Vous pourriez m’objecter, bien sûr, que nous ne sommes plus, en Europe du moins, au temps de Zola, qui a décrit le travail des mineurs dans L’assommoir, par exemple. Et c’est vrai. M       ais même quand le travail n’est plus exploité, ou plus exploité autant, il prend souvent aujourd’hui des formes peu enrichissantes, particulièrement quand il est divisé à l’extrême (quand on fait une tâche faisant appel à très peu de nos qualités physiques et intellectuelles) et quand il est entièrement organisé par les autres… Pensez au métier de caissier ou caissière, ou à ceux qui travaillent dans les centres d’appel (hotline, par exemple) et à bien d’autres travaux de ce genre. Je ne dis pas qu’on ne peut trouver un intérêt à ce travail (on peut y développer, dans le meilleur des cas, des relations de camaraderie et d’amitié, par exemple) mais on ne peut pas dire que ce travail nous forme. Or contrairement à ce que l’on croyait naïvement au début de l’ère de la machine, ou plus encore au moment de l’apparition de l’ordinateur et des automates, ce travail peu qualifié, ingrat, ennuyeux et quelquefois très stressant, n’a pas disparu, il coexiste dans nos sociétés avec des travaux très qualifiés, où les individus peuvent s’épanouir (des travaux qui sont encore des travaux complets, qui font appel aux qualités physiques, intellectuelles et morales à la fois, comme le métier magnifique auquel une partie d’entre vous se destine, celui d’agriculteur). Et dans le pire des cas, ce travail non qualifié, ingrat, est, en plus, précaire et menacé par le chômage.

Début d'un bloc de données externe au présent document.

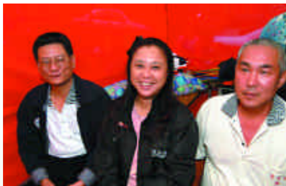
台北霞海城隍廟特請「振祐堂八家將團」來參與盛會。

當天民俗藝陣的展演雖為下午方才進行，但整個籌備工作從清晨即已展開。為展現傳統民間宗教藝術的莊嚴之美，一大早就在台北霞海城隍廟前先為八家將進行「開面」儀式，此儀式是於扮演家將的人臉上，畫上代表神明的臉譜，並進行入神科儀。民間宗教相信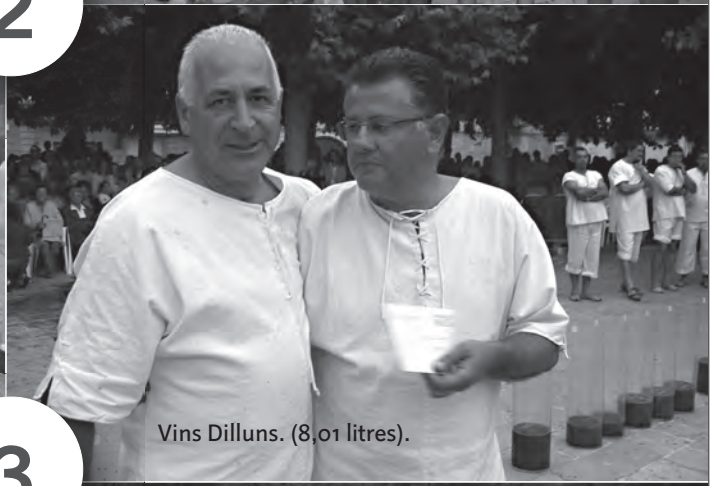
Vins Dilluns. (8,01 litres).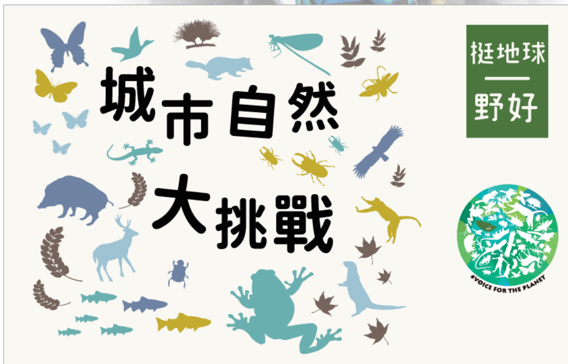
► 五十二甲濕地水生調查

良好的協助鑑定介面，可以得到相關物種辨識的研究者及愛好者的協助，除此之外，網站的行事曆功能可以讓使用者回顧之前的觀察。對於一般團隊來說，上傳 50 筆觀察後就可以自由建立調查地點及收藏專案，針對自己有興趣的地點及物種持續蒐集記錄。自從用了 iNaturalist 之後，堆積如山的物種照片終於派上用場了，可以有效的彙整及查詢，而且個人授權後，調查的資料還可同步上傳至全球生物多樣性資訊機構（Global Biodiversity Information Facility, GBIF），對世界的生物多樣性研究貢獻心力。回顧 2019 年，iNaturalist 不管是上傳筆數跟使用人數都有爆發性的成長，2019 年有超過 51 萬個使用者，上傳超過 1,350 萬筆的觀察記錄，且已經超過 17 萬的物種在平台上，顯示它越來越受到大眾的喜愛。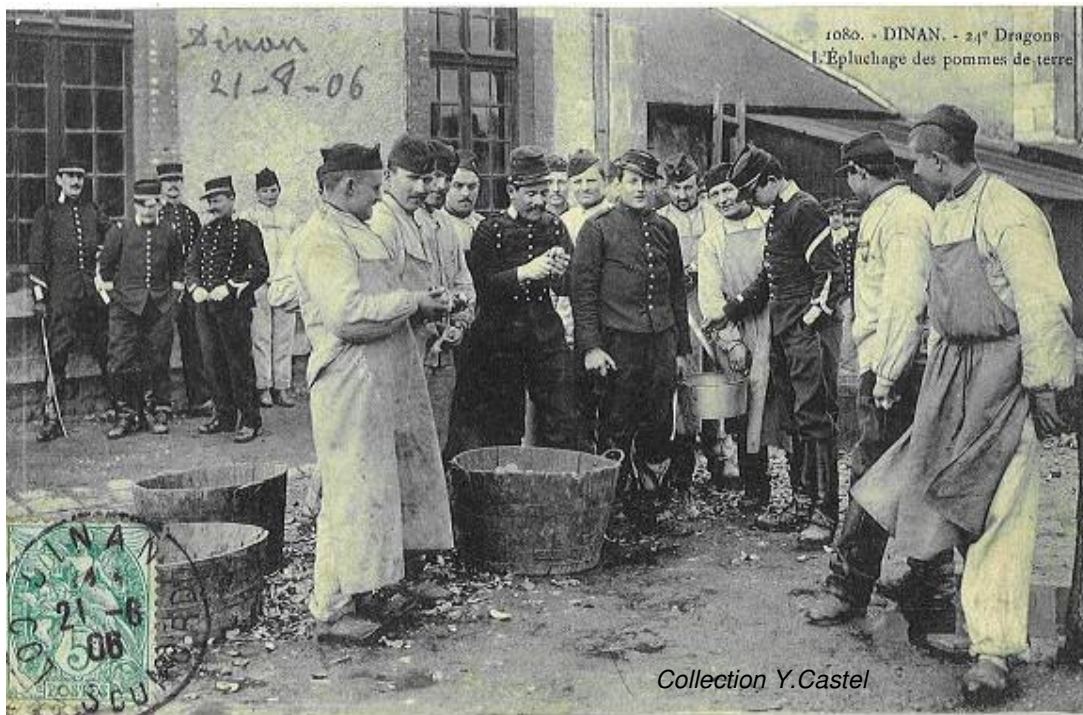
Epluchages des pommes de terre, 24 ème Dragons (1906)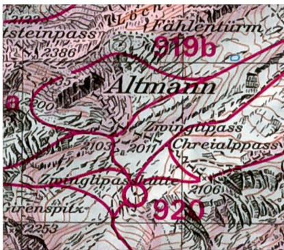
Aus der Karte 237 S Walenstadt.

Für den Skiwanderer bringen die neuen Karten einen hervorragenden Überblick mit den rot eingezeichneten Routen. Der hier abgedruckte Ausschnitt zeigt aus dem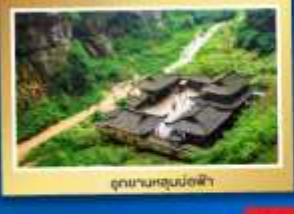
อุทยานนกยูงน้อยฟ้า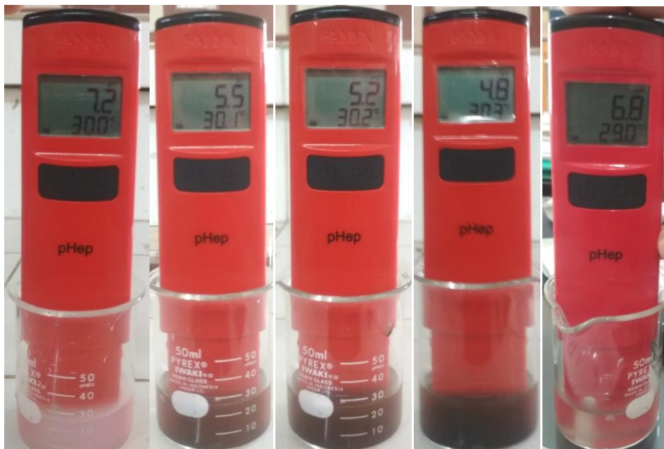
Gambar 7. Uji pH Lotion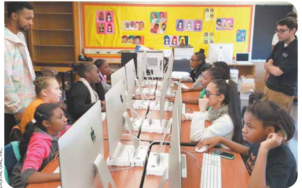
DIGITAL GIRL, INC.

Estudiantes aprendiendo habilidades valiosas de codificación que les abrirán muchas puertas profesionales en el futuro.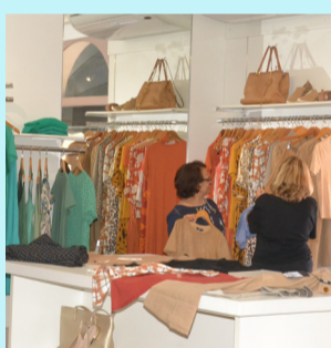
CREDIÁRIO ESPECIAL - O Grupo Brasil está com Crediário Especial nesta Semana dos Namorados para não deixar seu par sem presente. Comprando em uma das lojas (Casa Brasil Magazine, Pé Brasil, Brazil Store e Línea Brazil/Línea For Men) até neste sábado, dia 11, você começa a pagar somente em outubro. É isso mesmo, você faz seu amor feliz e paga o presente só daqui a quatro meses e de forma parcelada.

Revenons à notre question « pourquoi travailler ? ». Vous comprenez maintenant que cette question, en un deuxième sens, signifie « oui, bien sûr, nous devons gagner notre croûte, mais pourquoi faudrait-il travailler davantage, pourquoi nous dit-on que le travail forme l’homme, qu’il est un épanouissement, une fin et non un moyen, alors que nous vivons tous les jours le contraire de ce que vous affirmez ? ». Pour le dire de manière un peu plus savante et pédante, il y a une crise de la finalité du travail, dans notre société. Et à cette crise s’en est ajoutée une autre, dont je vais parler maintenant en abordant la troisième raison pour laquelle on pose aujourd’hui la question « pourquoi travailler ? ».

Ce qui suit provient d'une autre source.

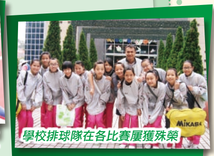
學校排球隊在各比賽屢獲殊榮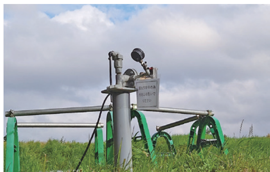
▲朝倉地区の水道取水予定地に設置された調査用井戸

公 岩山地先配水管布設工事 6735万3千円 川津場移転代替地等において需要者に水道水を供給するため管路を布設します。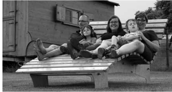
Familientage - Zeit füreinander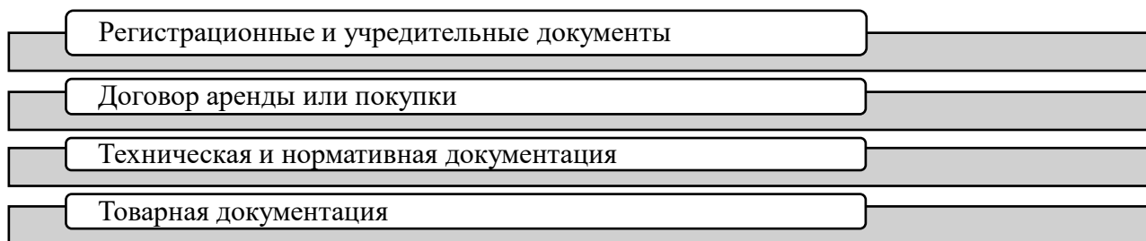
Рис.1 Перечень документов для сертификационного центра

Договора аренды или договора покупки, в том смысле, что эти договора касаются сооружений, зданий или помещений, в которых производится лакокрасочная продукция, или находится склад товаров лакокрасочной продукции.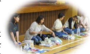
【非常持出し袋の中身は?】 【地域ごとに危険箇所チェック】

避難経路の危険箇所を地図にまとめたり非常持出し袋の中身を紹介したり、次世代ネットワークからのクイズに答えたりとたくさんの学びがありました。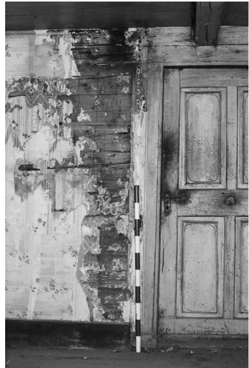
Abb. 5: Stube, zur sachgerechten Translozierung des Gebäudes sind die Wandbalken nummeriert.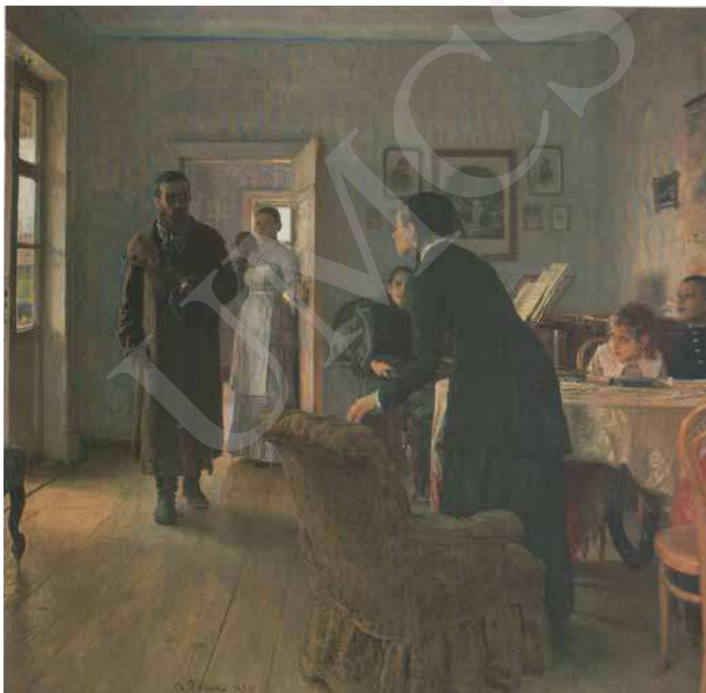
Ilustracja 1. Ilja Rjepin, Nie zdali , 1884-1888, olej na płótnie, 160,5cm x 167,5cm.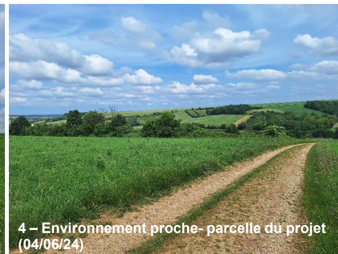
4 – Environnement proche- parcelle du projet (04/06/24)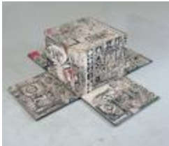
Tomoshige Kusuno Minúsculo e Maiúsculo, 1965; nanquim, grafite e óleo sobre caixa de madeira 52,5 cm x 160 cm x 160 cm 1972.3.1 Aquisição MAC USP

3) Venons-en à cette troisième raison. Des hommes, au XIXe et au XXe siècles, ont pris conscience de ce qu’on appelé alors l’aliénation du travail (du latin alien, qui signifie étranger : le travail, loin de nous enrichir, nous rend étrangers à nous-mêmes, nous déforme au lieu de nous former, nous asservit au lieu de nous libérer). Les divers courants socialistes, communistes ou anarchistes, ont rêvé, vous le savez, d’une société où le travail serait vraiment un épanouissement, redeviendrait une fin. Leur pensée était plus ou moins utopique (très utopique dans le cas des anarchistes, moins utopique dans le cas des socialistes et communistes) et ils ont plus ou moins essayé, avec plus ou moins de succès, de mettre sur pied des sociétés où le travail était censé être organisé autrement. J’y reviendrai tout à l’heure, car ce n’est pas cela qui m’intéresse ici.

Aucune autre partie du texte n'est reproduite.